## [Supplied information]
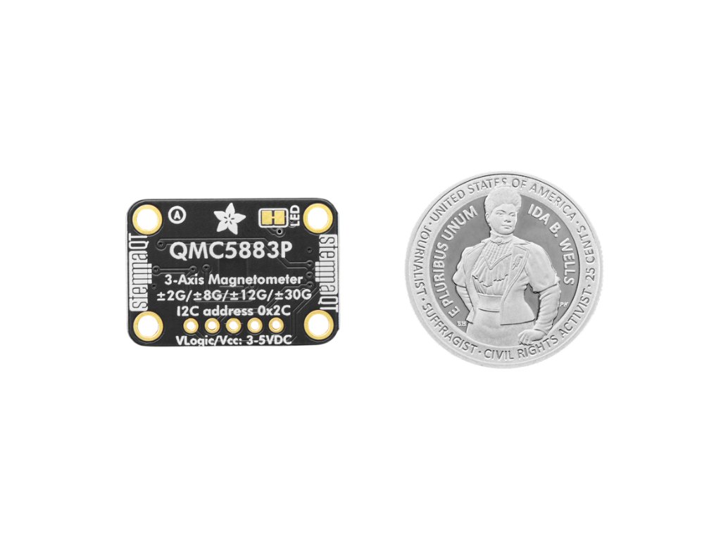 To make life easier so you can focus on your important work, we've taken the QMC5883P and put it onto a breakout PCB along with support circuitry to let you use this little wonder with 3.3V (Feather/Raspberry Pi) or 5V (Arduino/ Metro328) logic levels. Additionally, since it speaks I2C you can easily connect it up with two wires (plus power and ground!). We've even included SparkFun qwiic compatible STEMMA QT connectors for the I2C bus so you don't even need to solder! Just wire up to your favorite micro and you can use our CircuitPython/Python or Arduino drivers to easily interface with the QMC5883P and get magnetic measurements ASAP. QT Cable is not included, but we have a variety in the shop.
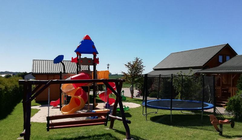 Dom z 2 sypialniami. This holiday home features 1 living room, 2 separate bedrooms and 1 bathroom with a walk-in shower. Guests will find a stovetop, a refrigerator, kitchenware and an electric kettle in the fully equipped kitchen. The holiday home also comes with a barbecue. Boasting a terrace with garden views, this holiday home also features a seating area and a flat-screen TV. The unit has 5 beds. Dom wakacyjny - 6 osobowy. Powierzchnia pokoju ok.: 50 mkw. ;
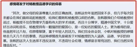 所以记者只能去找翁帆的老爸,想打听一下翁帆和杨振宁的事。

## [Activity]
Exclude all images and return the listing word for word.

## [Reply]
 To make life easier so you can focus on your important work, we've taken the QMC5883P and put it onto a breakout PCB along with support circuitry to let you use this little wonder with 3.3V (Feather/Raspberry Pi) or 5V (Arduino/ Metro328) logic levels. Additionally, since it speaks I2C you can easily connect it up with two wires (plus power and ground!). We've even included SparkFun qwiic compatible STEMMA QT connectors for the I2C bus so you don't even need to solder! Just wire up to your favorite micro and you can use our CircuitPython/Python or Arduino drivers to easily interface with the QMC5883P and get magnetic measurements ASAP. QT Cable is not included, but we have a variety in the shop.
 Dom z 2 sypialniami. This holiday home features 1 living room, 2 separate bedrooms and 1 bathroom with a walk-in shower. Guests will find a stovetop, a refrigerator, kitchenware and an electric kettle in the fully equipped kitchen. The holiday home also comes with a barbecue. Boasting a terrace with garden views, this holiday home also features a seating area and a flat-screen TV. The unit has 5 beds. Dom wakacyjny - 6 osobowy. Powierzchnia pokoju ok.: 50 mkw. ;
 所以记者只能去找翁帆的老爸,想打听一下翁帆和杨振宁的事。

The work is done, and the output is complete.